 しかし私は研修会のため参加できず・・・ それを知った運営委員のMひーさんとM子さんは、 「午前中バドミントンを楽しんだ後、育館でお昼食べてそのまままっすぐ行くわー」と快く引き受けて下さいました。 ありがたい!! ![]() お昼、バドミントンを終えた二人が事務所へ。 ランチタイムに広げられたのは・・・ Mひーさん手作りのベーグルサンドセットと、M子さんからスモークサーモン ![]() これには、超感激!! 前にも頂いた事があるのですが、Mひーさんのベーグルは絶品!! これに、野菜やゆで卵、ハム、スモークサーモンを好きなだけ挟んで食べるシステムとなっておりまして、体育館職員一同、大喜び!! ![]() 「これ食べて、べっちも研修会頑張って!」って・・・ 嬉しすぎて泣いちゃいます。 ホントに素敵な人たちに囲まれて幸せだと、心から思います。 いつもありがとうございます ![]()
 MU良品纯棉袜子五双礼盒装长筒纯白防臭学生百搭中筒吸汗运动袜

·····

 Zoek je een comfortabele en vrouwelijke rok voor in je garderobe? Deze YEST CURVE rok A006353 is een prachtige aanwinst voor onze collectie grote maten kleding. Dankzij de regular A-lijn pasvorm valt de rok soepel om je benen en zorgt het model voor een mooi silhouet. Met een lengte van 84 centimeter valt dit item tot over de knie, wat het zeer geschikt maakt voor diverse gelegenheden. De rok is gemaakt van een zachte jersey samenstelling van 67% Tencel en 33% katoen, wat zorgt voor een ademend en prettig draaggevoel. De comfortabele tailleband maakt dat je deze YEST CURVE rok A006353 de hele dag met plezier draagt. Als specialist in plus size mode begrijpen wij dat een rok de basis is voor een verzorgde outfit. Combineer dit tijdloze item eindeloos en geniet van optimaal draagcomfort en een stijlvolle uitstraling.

·····

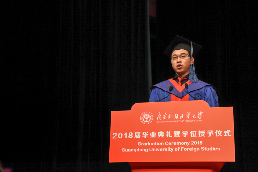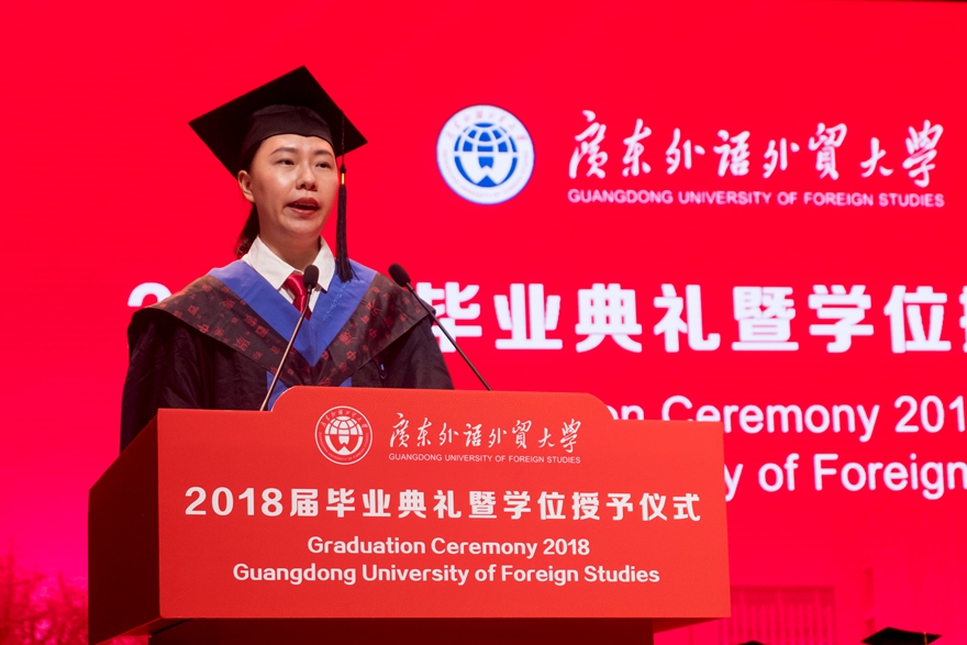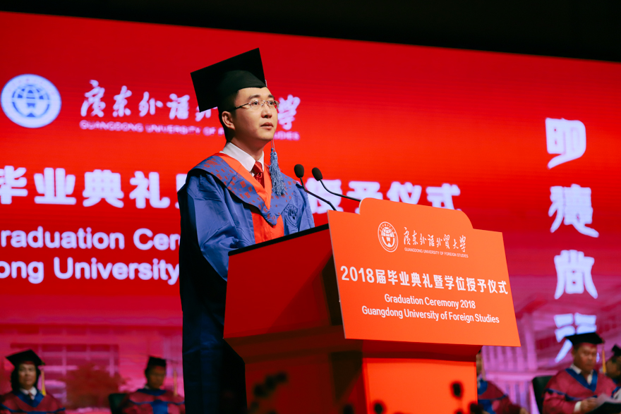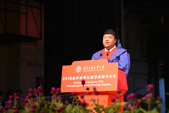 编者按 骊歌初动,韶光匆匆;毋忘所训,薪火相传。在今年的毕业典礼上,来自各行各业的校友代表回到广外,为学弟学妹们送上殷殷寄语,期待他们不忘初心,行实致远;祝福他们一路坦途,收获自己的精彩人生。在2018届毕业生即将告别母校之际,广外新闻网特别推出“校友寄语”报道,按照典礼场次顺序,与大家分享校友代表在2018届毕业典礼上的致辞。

·····

» **What you will do**: Reproduce exactly the section above that begins at the line containing "ホントに素敵な人たちに囲まれて幸せだと、心から思います。 いつもありがとうございます ![]()" and ends at the line containing "MU良品纯棉袜子五双礼盒装长筒纯白防臭学生百搭中筒吸汗运动袜", leaving out all other lines.

» **Result of this task**:
 しかし私は研修会のため参加できず・・・ それを知った運営委員のMひーさんとM子さんは、 「午前中バドミントンを楽しんだ後、育館でお昼食べてそのまままっすぐ行くわー」と快く引き受けて下さいました。 ありがたい!! ![]() お昼、バドミントンを終えた二人が事務所へ。 ランチタイムに広げられたのは・・・ Mひーさん手作りのベーグルサンドセットと、M子さんからスモークサーモン ![]() これには、超感激!! 前にも頂いた事があるのですが、Mひーさんのベーグルは絶品!! これに、野菜やゆで卵、ハム、スモークサーモンを好きなだけ挟んで食べるシステムとなっておりまして、体育館職員一同、大喜び!! ![]() 「これ食べて、べっちも研修会頑張って!」って・・・ 嬉しすぎて泣いちゃいます。 ホントに素敵な人たちに囲まれて幸せだと、心から思います。 いつもありがとうございます ![]()
 MU良品纯棉袜子五双礼盒装长筒纯白防臭学生百搭中筒吸汗运动袜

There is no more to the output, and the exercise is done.